We wander the streets together, and for the first time in years, I stop struggling against my memories and simply let them launch out of my skin, like a projector. Translucent, they fill the air around me, playing simultaneously.
I see and feel and smell my mum everywhere. Sitting on the floor of the academic bookshop, wearing huge headphones, grinning with a poppy seed from the bagel she ate every single morning stuck between her teeth. The regular tap of her thumb against my hand as she held it, or the way she turned off all the overhead lights of every room we went into even if there were people already in there. I can feel the soft pink silk lining of her favorite jacket on my fingers, the smooth texture of her auburn fringe on my cheek when she kissed me; I smell the butterscotch syrup on her breath, dripped at 9:00 a.m. on the dot into her coffee. I see Dad too. Adjusting his black-rimmed glasses as we walk toward Emma College, chattering with the porter, hiding behind one of the ivy-clad walls to surprise me, naming all the plants. I see the tilt of his head when he put on a tie, and how he made conversation seem so easy.

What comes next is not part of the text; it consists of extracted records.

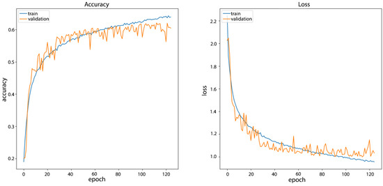 The training of the network on the FairFace filtered dataset (Model_F2) was nine hours and the network had a final accuracy on the training data set of 70.72% with an accuracy on the validation set of 61.84%. In addition, from the graph shown in Figure 8, it can be seen that the curves of the sets are similar, which shows the relatively small difference in accuracy. This validation shows that increasing the number of ethnicity classes negatively affects network performance in training for ethnicity classification. Next, training on the datasets with plotted landmarks will show how the use of face landmarks impacts the results.
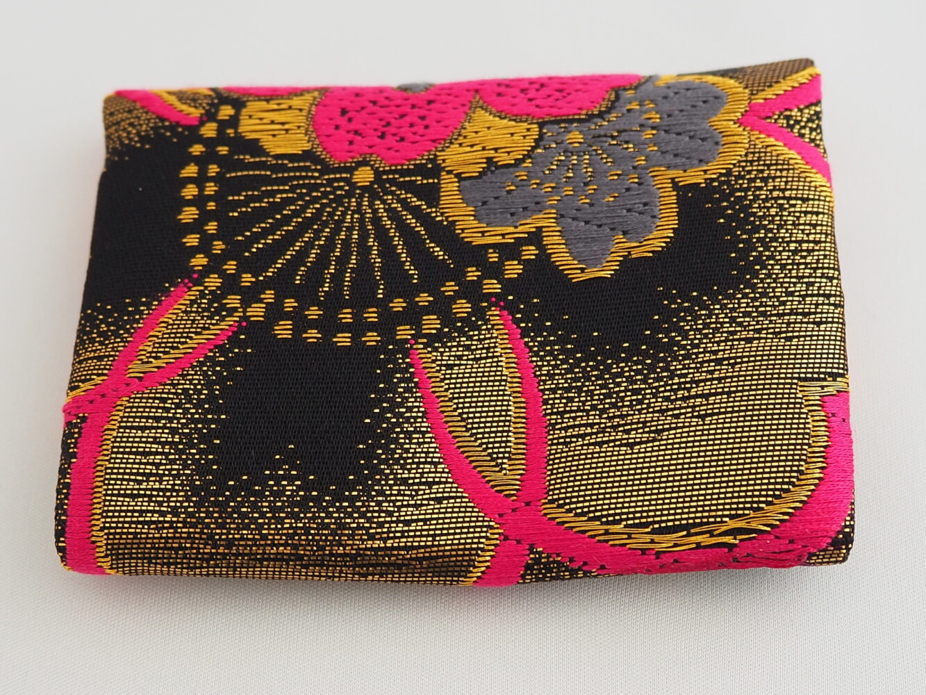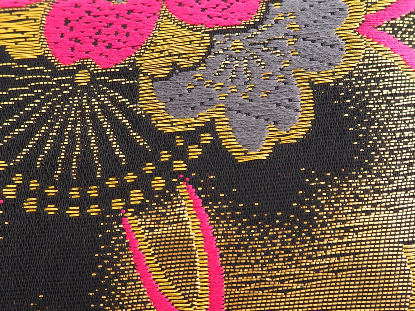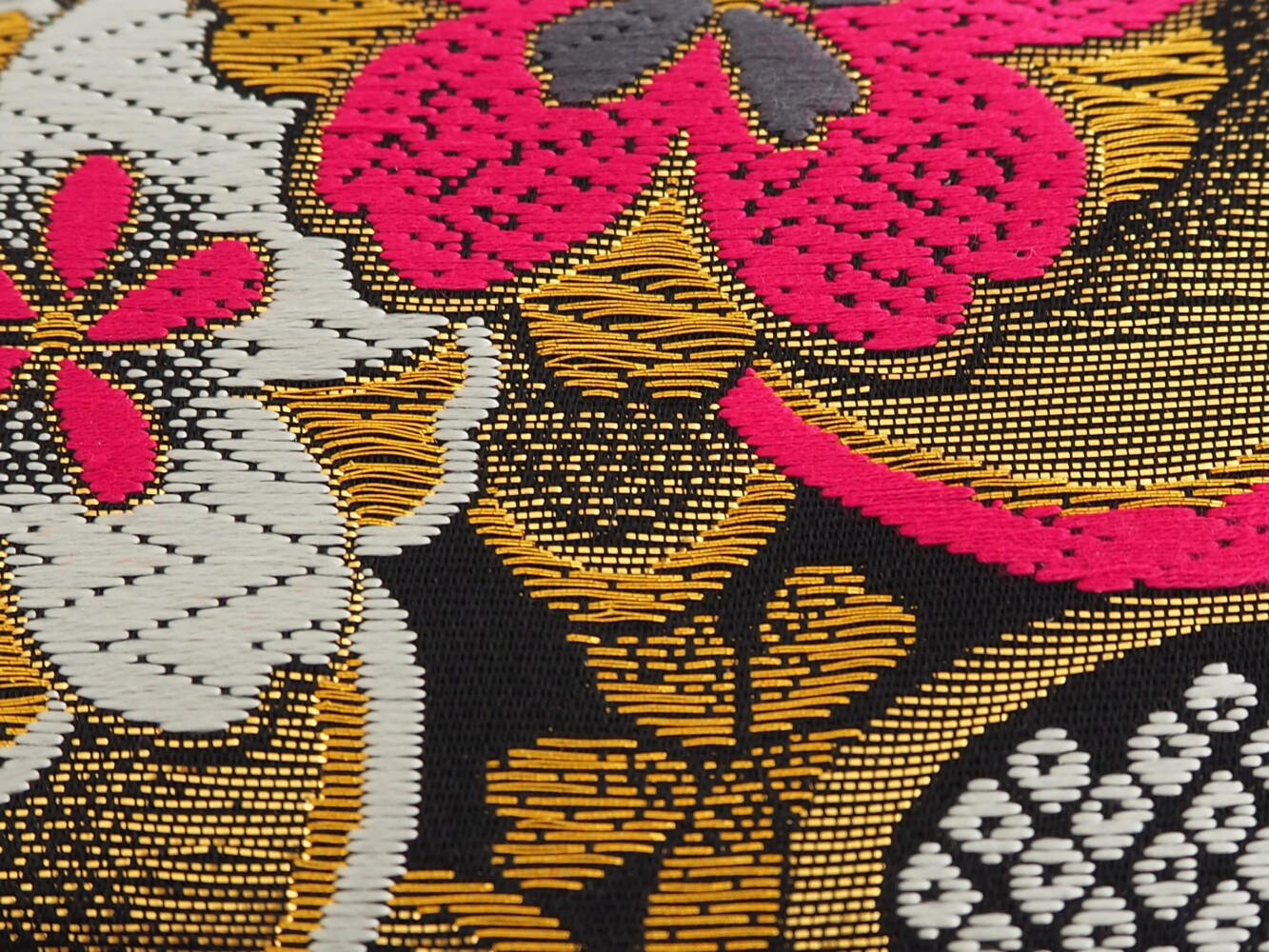 帯地にマゼンダピンク、ゴールド、ホワイトの桜柄がゴージャス
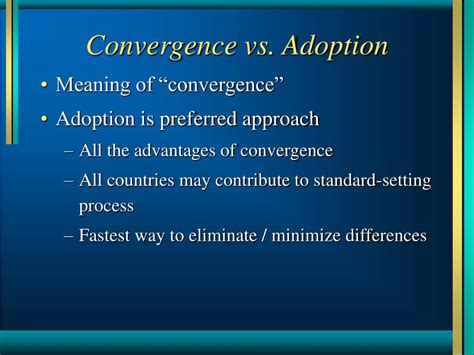 Okay, so what is convergence ? Think of it as a journey toward a common goal. Instead of simply adopting IFRS, countries work to align their national accounting standards with IFRS over time. It’s a process of gradually making your local rules more similar to the global standards. This can involve adopting specific IFRS standards, modifying existing standards to be consistent with IFRS, or developing new standards that are compatible with IFRS. The focus is on finding common ground and achieving comparability without necessarily forcing a complete overhaul of the existing system. This is a much softer approach. The goal is to reduce differences in accounting practices, making financial statements more comparable while still respecting the unique aspects of each country’s environment. Convergence is all about flexibility and collaboration.

Somehow, I wander through a now that is also a then: peering through the college window into Mum’s old office and watching a thousand smaller versions of myself grow steadily larger. Hiding under her desk. Sniffing her fountain pens. Running my hands along the spines of her alphabetized books while she forgot I was there for hours at a time. Except I didn’t mind, even if it meant no lunch that day. Because I could lose myself the same way, just like her, and as I watched her eyes glaze and her face slacken and her cheeks glow, I felt happy for her: knowing she was somewhere beautiful and safe and joyful, where nobody could reach her. Knowing that I had my own quiet, joyful places inside myself I could disappear to as well.

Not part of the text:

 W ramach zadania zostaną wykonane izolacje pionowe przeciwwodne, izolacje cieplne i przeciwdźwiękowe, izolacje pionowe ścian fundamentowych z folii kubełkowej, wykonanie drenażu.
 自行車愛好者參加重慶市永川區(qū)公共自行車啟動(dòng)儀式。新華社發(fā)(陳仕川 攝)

And I can’t help wishing again that I hadn’t spent the last five years of my time with her pulling so violently in the opposite direction.

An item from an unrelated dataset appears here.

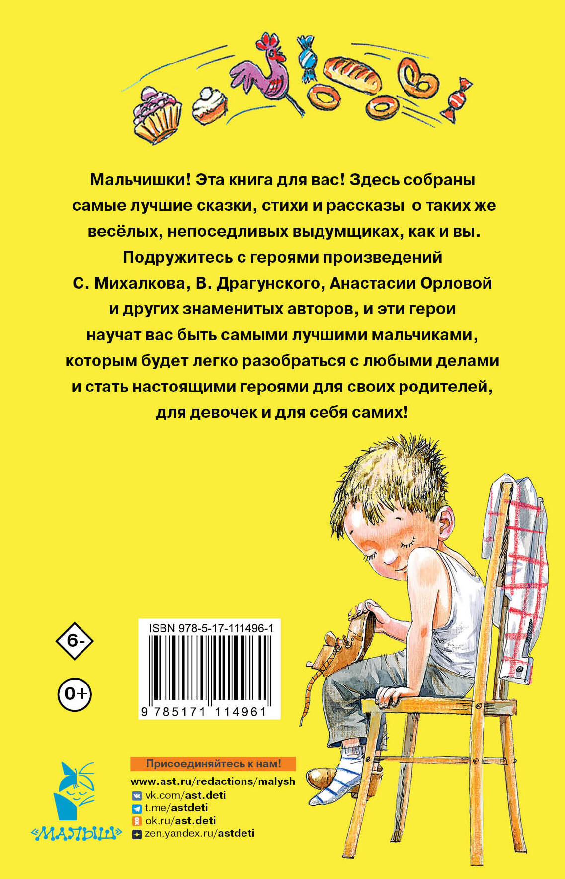 Мальчишки! Эта книга для вас! Здесь собраны самые лучшие сказки, стихи и рассказы о таких же весёлых, непоседливых выдумщиках, как и вы. Подружитесь с героями произведений С. Михалкова, В. Драгунского, Анастасии Орловой и других знаменитых авторов, и эти герои научат вас быть самыми лучшими мальчиками, которым будет легко разобраться с любыми делами и стать настоящими героями для своих родителей, для девочек и для себя самих!| Издательство | ИЗДАТЕЛЬСТВО "АСТ" |

Ludicrously trying to pretend that we were oh so different.
That we weren’t, in our essence, the same.
Intermittently chatting, Will and I walk through the gardens that Dad helped grow, and I see two dark shapes running, giggling; my father crushing a lavender stem between his fingers and holding it to our noses. I smell its purpleness all over again, warm and opaque. I see us all in the restaurant we went to every single Friday night, and the layers of time are still there, still separate, still goopy: a joke on top of an argument on top of a bored silence on top of Mum sending the same meal back five times until it came back just right and everybody laughing.
And I miss them in every part of me, but I don’t feel sad or lost, the way I assumed that I would.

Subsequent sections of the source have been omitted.